Clagnut

Menu

Full-text searching

§ Blogging · PHP/MySQL

Recently I’ve been playing around with MySQL full-text searching, including integrating it as Clagnut’s search engine.

Easy implementation

Full-text searching was introduced in MySQL version 3.23.23 and is a doddle to use. Assuming you wish to search a table already populated with text, you first need to create a fulltext index for the table. Let’s assume your table has this simple structure:

id    | int       | PRI | auto_increment |
title | char(255) |     |                |
body  | text      |     |                |

You can create a fulltext index on the body field at the MySQL command line with:

ALTER TABLE some_tbl ADD FULLTEXT (body)

However if you wish to search the title and body fields together, you will need to create a joint index for the two fields (creating indexes for each field separately won’t work). The order in which you specify the fields of the index determines their weighting in the results. Here we say that the title is weighted more heavily than the body:

ALTER TABLE some_tbl ADD FULLTEXT (title,body)

Now your index is created (it will continue to be updated every time you perform an insert or update), your table is ready to be searched. All you need is a simple SELECT statement like this in which we search the table for ‘search engine’:

SELECT * FROM some_tbl WHERE MATCH (title,body)
 AGAINST ('search engine')

This returns matching rows in order of relevance (highest first). See the MySQL full-text documentation for more details, including Boolean searches.

Some limitations

While MySQL searching is quick and easy to implement it does have a few drawbacks. Its definition of a word is any sequence of characters consisting of letters, digits, ‘’’, and ‘_’ over three letters long. This is generally fine, except when encountering possessives. A search for Richard will not match a record containing the word Richard’s.

The three letter limit is also a problem. Presumably designed to weed out common words such as the and and, its means that abbreviations such as CSS, W3C and WAI are not indexed.

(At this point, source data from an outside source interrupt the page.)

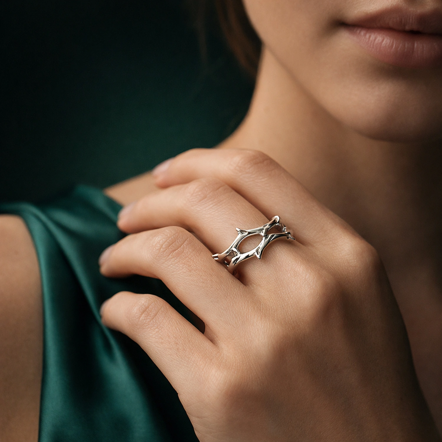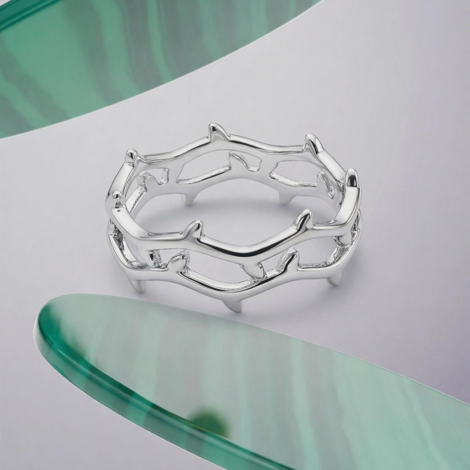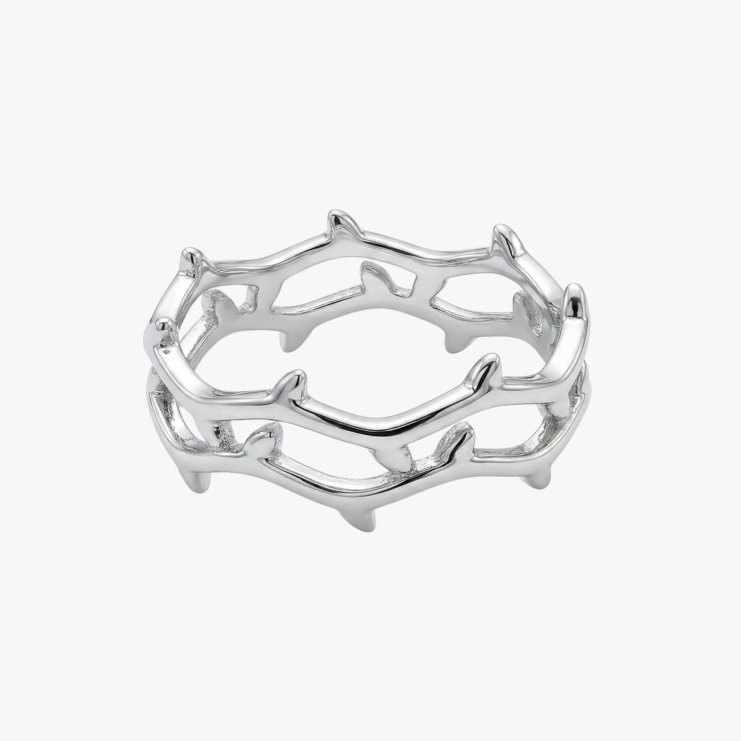 Its structured outer edge adds a unique dimension to the classic silver band, making it an ideal choice for those who appreciate subtle sophistication and modern design aesthetics. Whether worn as a standalone statement or stacked with other rings, this band brings effortless elegance to everyday styling.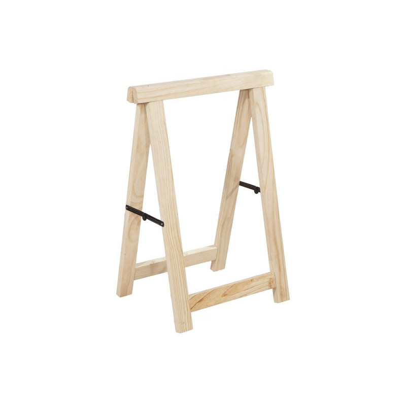 H 75 x L 53 cm. Charge utile 150 kg par tréteaux. En pin et acier. Finition brute.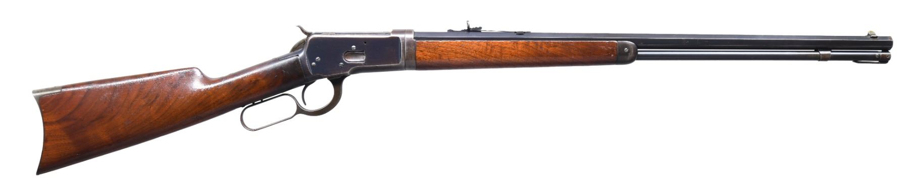 Cal. 32 WCF. S# 286907. Bbl. 24" octagon of takedown style. Sporting sights. Full length mag. Blue finish w/ case colored hammer & lever. Walnut forearm & pistol grip stock w/ crescent steel buttplate. UNATTACHED ACCESORIES: Cody Firearms Museum Show Search Form listing the following information. SN applied: Feb. 7, 1905 / Date In: March 8, 1905 / Rifle / Caliber: 32 / Bbl. Shape / Oct / Other Features: TD / Trigger: Plain / Date Shipped: May 19, 1905 / Order #: 11311. CONDITION: 80% bbl. & mag. blue showing edge wear. Action has 70% lightly faded blue showing edge wear. Hammer & lever show some dark case colors. Stock & forearm have added varnish over scattered light scratches & marks. Toeline of stock has an open hole & chip from sling eye attachment. Forearm has a small chip at left side of forearm cap. Sound action. Bore has darkened appearance w/ worn rifling. (25-741/DS). CURIO. $2,250-3,000.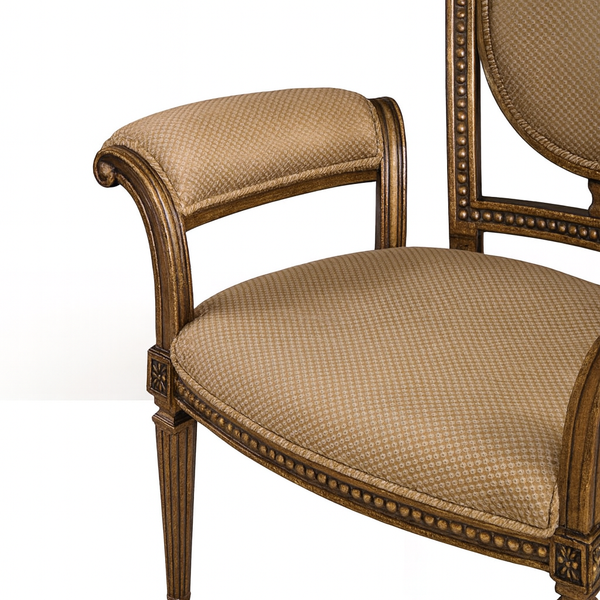 Chiếc ghế Louis Medallion Armchair mang đậm phong cách Tân cổ điển Pháp, nổi bật với phần tựa lưng hình oval duyên dáng, được bao viền chạm khắc tinh xảo. Tay vịn bọc nệm êm ái, liền mạch với khung gỗ chắc chắn, tạo cảm giác thoải mái và nâng đỡ hoàn hảo cho người ngồi.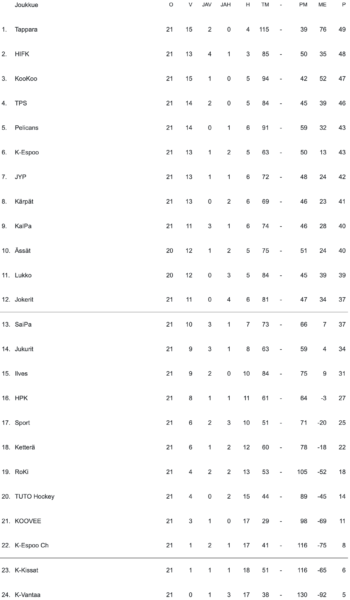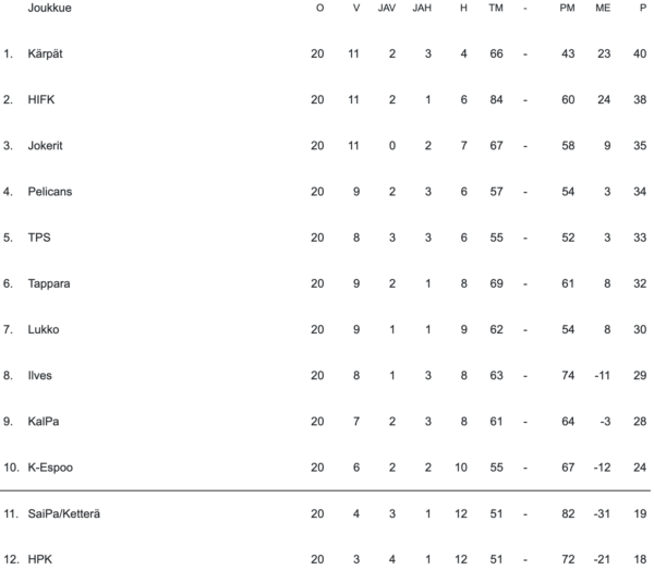 15:00 | SaiPa/Ketterä | – | HIFK |

So a search for CSS specifications will find all documents containing specifications but no documents containing CSS.

I’ve left the possessives problem alone – I guess I could get my code to search additionally for a possessive of every word in the search term, but this seems like overkill.

In attempting to address the 3-letter problem I’ve ended up writing some extra functionality to supplement clagnut’s search results. In addition to returning matching posts, every search also lists related categories based the posts returned and keywords associated with categories. So, by making WAI a keyword for the accessibility category, a search for WAI will not yield any post results, but it will yield a category result.

Related posts

I’ve also implemented full-text searching to come up with related posts. I just use a simple full-text search as described earlier, where the search term is the entire post that I’m trying to relate posts to. I do a bit of pre-processing to append all the comments to the post and strip out the HTML while retaining any URLs. The results are mostly about right – go to a blog post and look for ‘Possibly related posts’. A few other folks, including Simon Willison and Adam Kalsey have also use this technique.